• [Work request] From the material below, retype exactly the lines that begin at the line with "Personenbezogene Daten auf" and end after the line with "На выставке представлена"; pictures stay out of the copy.
*** Entries provided
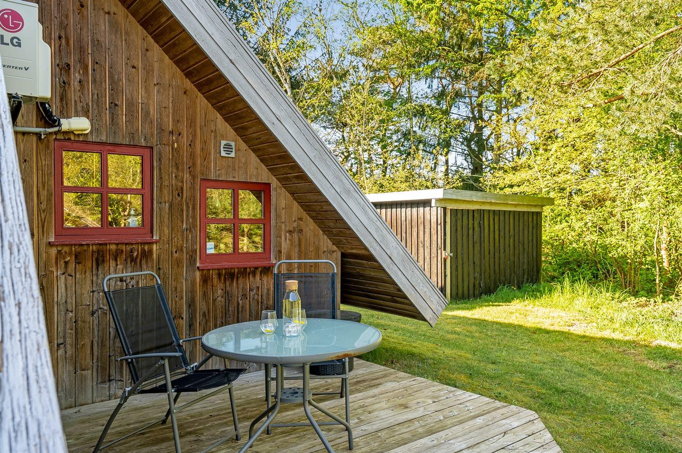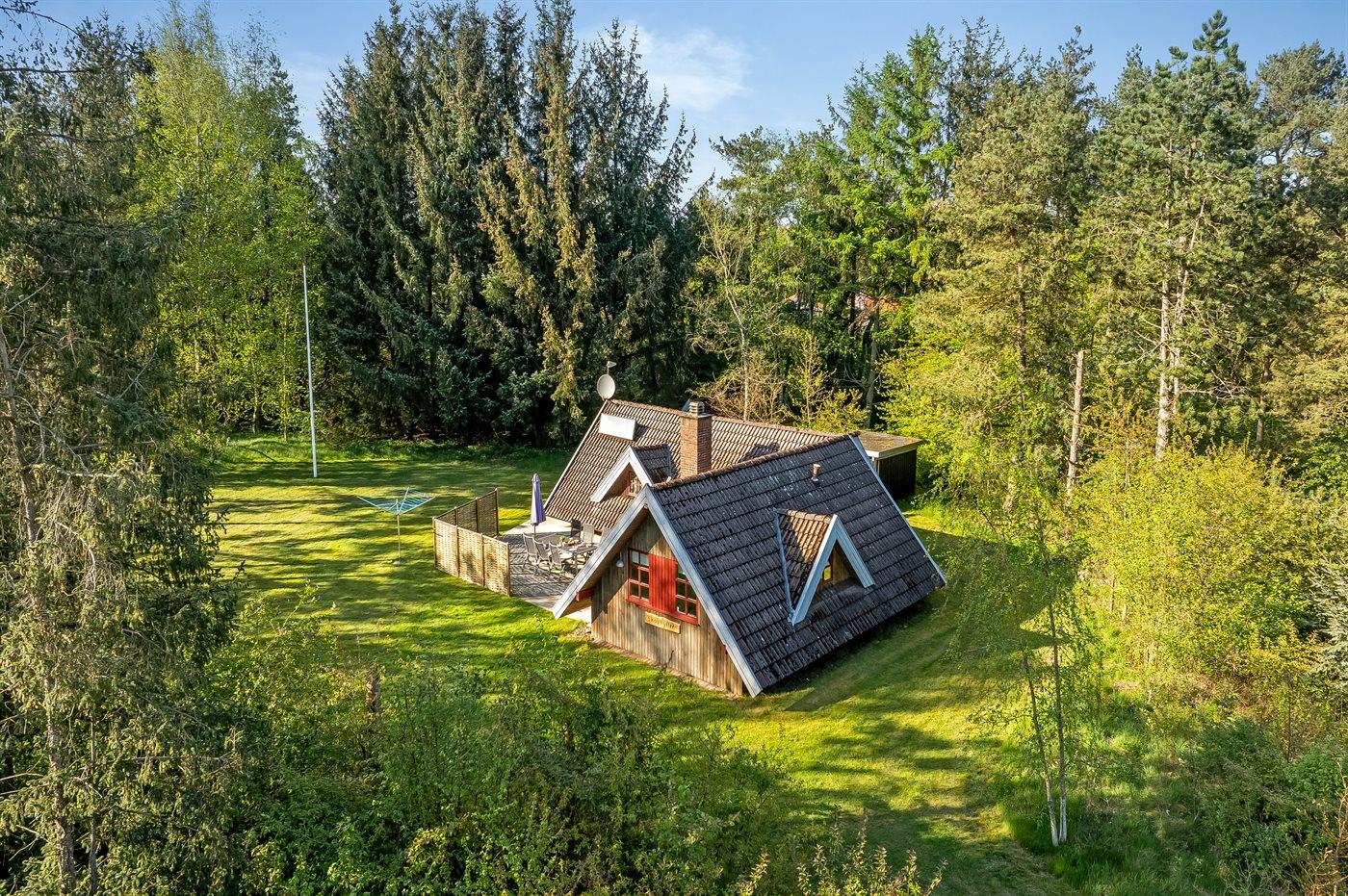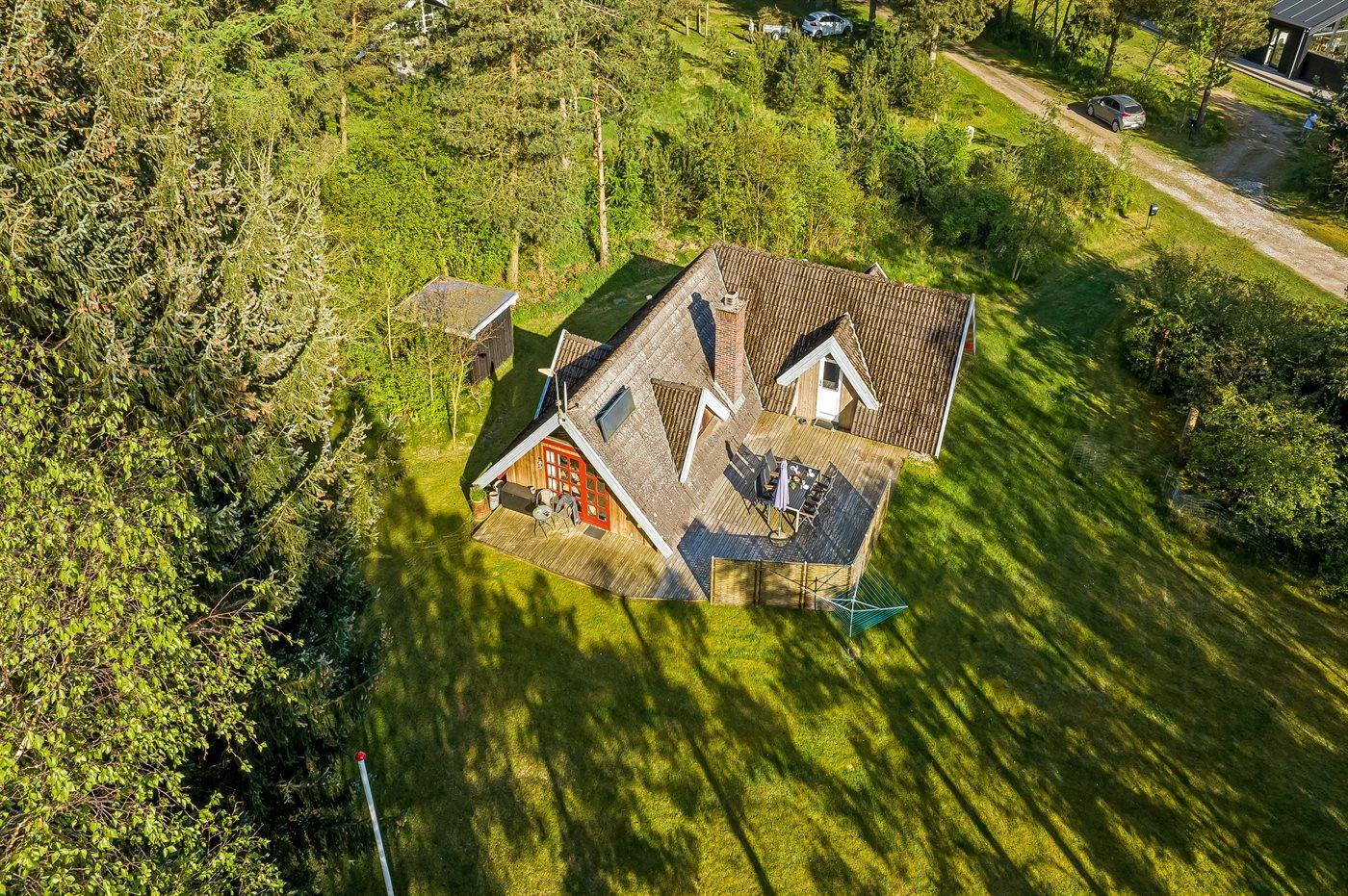 Hyggeligt sommerhus i skov nær Virksund med adgang til fjord, terrasse og elbiloplader.
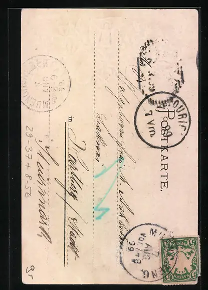 Personenbezogene Daten auf der Rückseite der Karte wurden durch blauen Textmarker unkenntlich gemacht. Die blauen Stellen sind auf die Vorderseite durchgeweicht und wirken sich negativ auf das Postkartenfoto aus
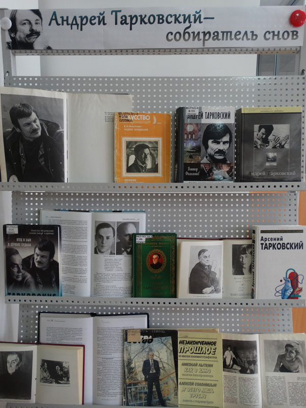 На выставке представлена литература о жизни и творческом пути Андрея Тарковского, информация о его фильмах и любимых актерах, поэзия Арсения Тарковского – отца режиссера.
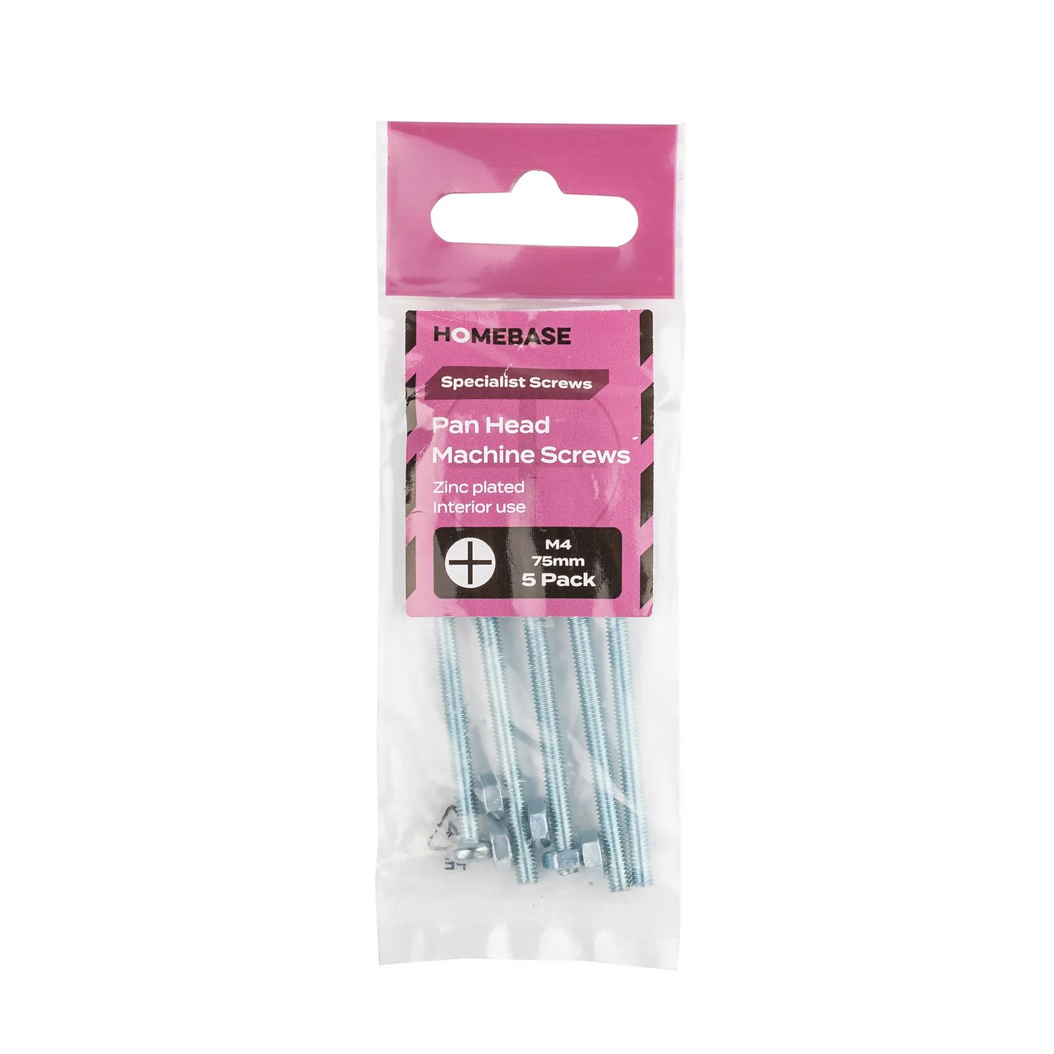 This 5 pack of Machine screws are 75mm in length and have a 4mm diameter. Used in metal to metal applications where holes are pre-drilled.
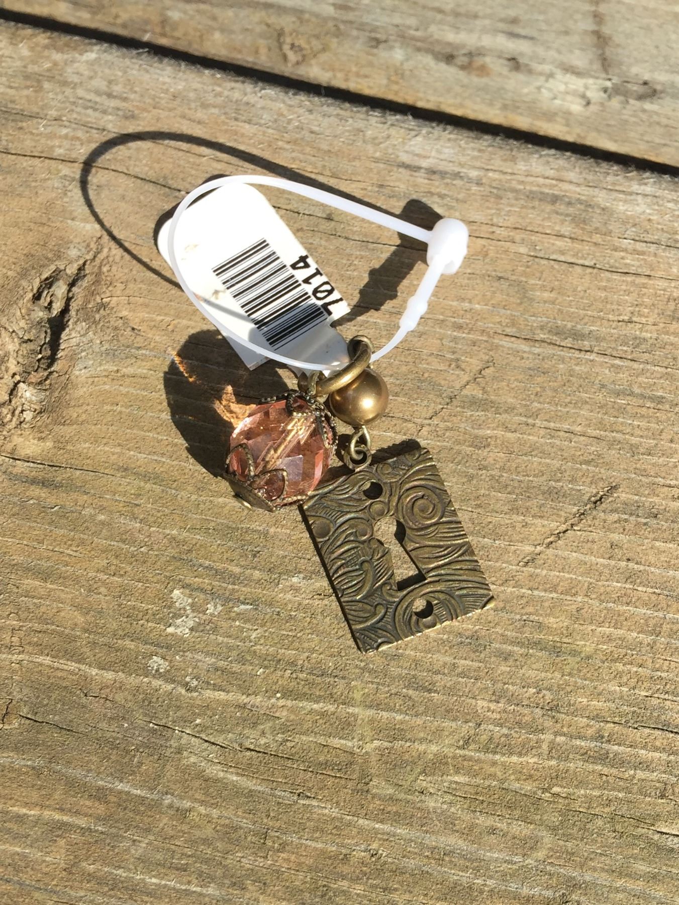 LENNY AND EVA BRASS KEY HOLE/PINK BEAD CHARM/PENDANT
******
• [Response to the exercise]
 Personenbezogene Daten auf der Rückseite der Karte wurden durch blauen Textmarker unkenntlich gemacht. Die blauen Stellen sind auf die Vorderseite durchgeweicht und wirken sich negativ auf das Postkartenfoto aus
 На выставке представлена литература о жизни и творческом пути Андрея Тарковского, информация о его фильмах и любимых актерах, поэзия Арсения Тарковского – отца режиссера.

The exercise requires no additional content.